A data ingestion specialist wants to ensure that COPY INTO commands automatically load newly arrived files in cloud storage without manually running SQL. Which approach best accomplishes this in Snowflake?

A Use Snowpipe with event notifications
B Use role-based access control
C Use secure UDFs to process staged files
D Use network policies to monitor storage buckets

Correct Answer: A

Explanation:

Option A is correct because Snowpipe is Snowflake’s automatic ingestion service that continuously loads files as they arrive in cloud storage. When used with event notifications from supported providers, Snowpipe activates immediately upon file arrival, triggering ingestion without human intervention. This automation reduces latency, supports continuous pipelines, and eliminates the need to manually run COPY commands.

Option B is not correct because role-based access control governs permissions, not automation. RBAC does not load files nor trigger ingestion events.

Option C is not correct because secure UDFs execute procedural logic but cannot autonomously monitor storage changes. Their purpose is secure code execution, not file event detection or ingestion orchestration.

Option D is not correct because network policies apply to user IP filtering, not cloud storage monitoring. Snowflake cannot use a network policy to track files arriving in external storage platforms.

Thus, Snowpipe coupled with event notifications is the correct automation mechanism.

A Snowflake engineer needs to grant a partner organization access to a curated subset of data without physically copying the data. Which Snowflake capability is most appropriate?

A Data sharing using reader accounts or direct share
B Creating permanent tables in a separate database
C Using external tables and exporting metadata
D Creating transient tables populated from production

Correct Answer: A

Explanation:

Option A is correct because Snowflake’s data sharing framework enables instant, zero-copy access to datasets for external partners. Whether using reader accounts or direct shares, Snowflake exposes secure, real-time access without duplicating micro-partitions. This reduces maintenance overhead, improves governance, and ensures partners always see the most current shared data. Data sharing is explicitly designed for inter-organizational collaboration.

Option B is not correct because creating permanent tables in a separate database still requires data copying. This contradicts the requirement of avoiding physical duplication and increases storage use.

Option C is not correct because exporting metadata through external tables provides no actual access to live data.
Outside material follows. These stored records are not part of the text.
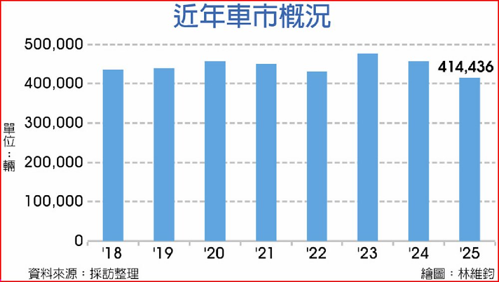黃南光則認為,2025年國內車市受到大環境不確定性影響而有所壓抑,2026年不確定因素消弭,加上各廠新車競出與政府補助加碼,應可推升各廠銷量看增,因此推估車市最好應可回到44萬輛。
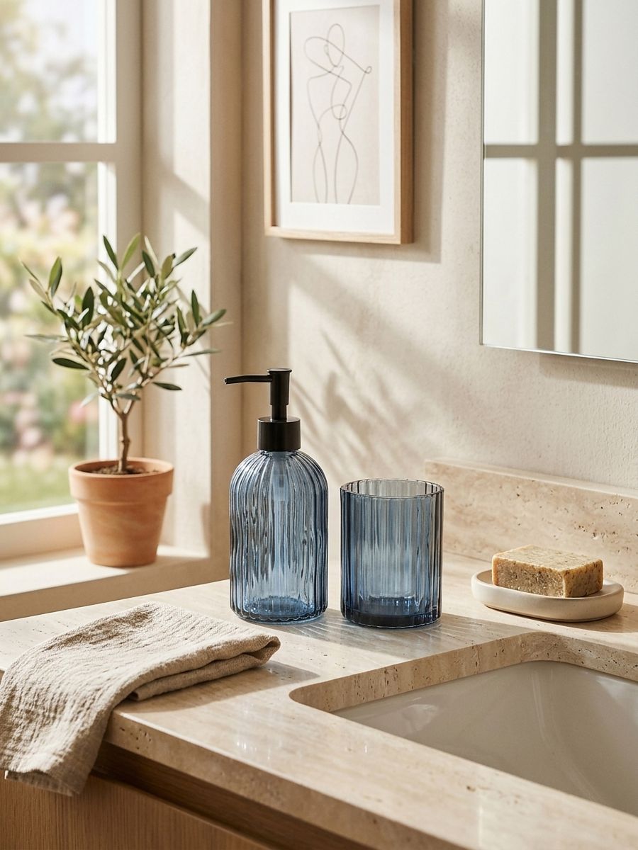 Σετ: Διανομέας σαπουνιού και ποτήρι για οδοντόβουρτσες
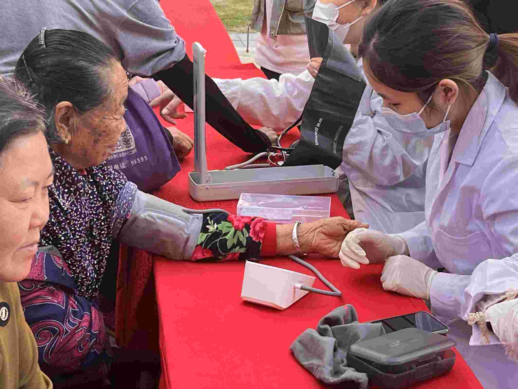 即使表演結(jié)束,咱們志愿者也沒有閑著,而是立即開展我們團隊的優(yōu)勢所在:社區(qū)義診,測血糖和測血壓的場所也立即被老年人所充滿,我們在乎老年人的身體狀況,也讓他們了解自己的身體狀態(tài),從血糖血壓的測試結(jié)果我們可以看出大部分老年人身體健康,極少數(shù)部分人有高血壓或高血糖。

External tables point to external storage, not curated Snowflake datasets, and do not support zero-copy visibility.

Option D is not correct because transient tables require populating data from production, creating another copy. They also lack Fail-safe and are unsuitable for controlled external sharing.

Thus, data sharing is the correct capability.

A Snowflake administrator wants to monitor changes made to tables, including inserts, updates, and deletes, for auditing purposes. Which feature best supports this requirement?

A Streams
B Secure views
C Materialized views
D Network policies

Correct Answer: A

Explanation:

Option A is correct because streams are Snowflake’s built-in change tracking mechanism specifically designed to capture and expose row-level DML changes with comprehensive metadata that enables sophisticated auditing, ETL orchestration, and change data capture workflows. Streams operate by maintaining offset pointers that track committed transactions against source tables, recording inserts, updates, and deletes along with metadata columns that identify the change type, allowing applications and administrators to query exactly what modifications occurred since the stream was last consumed. They capture delta visibility by presenting a queryable view of changes that includes both the current state of modified rows and metadata indicating whether each row represents an insert, update, or delete operation, providing the granular change history essential for compliance auditing, data lineage tracking, and forensic analysis of data modifications. Streams maintain a persistent record of modifications that remains available until explicitly consumed and advanced, ensuring no changes are lost even if monitoring processes experience temporary failures or delays, and they support multiple concurrent consumers so auditing systems, ETL pipelines, and CDC replication processes can independently track the same change stream without interference. This architecture makes streams the canonical feature for tracking table changes in Snowflake, enabling administrators to review when and how data is altered by querying the stream to see which rows changed, what values were modified, and when transactions committed, all without requiring custom trigger logic, application instrumentation, or external change tracking infrastructure. Streams integrate seamlessly with Snowflake’s transactional model, capturing changes atomically as part of committed transactions and providing time-travel capabilities that allow point-in-time analysis of change patterns, making them indispensable for regulatory compliance scenarios requiring complete audit trails, data quality monitoring that detects unexpected modification patterns, incremental processing pipelines that efficiently handle only changed records, and multi-region replication architectures that synchronize data across geographical boundaries.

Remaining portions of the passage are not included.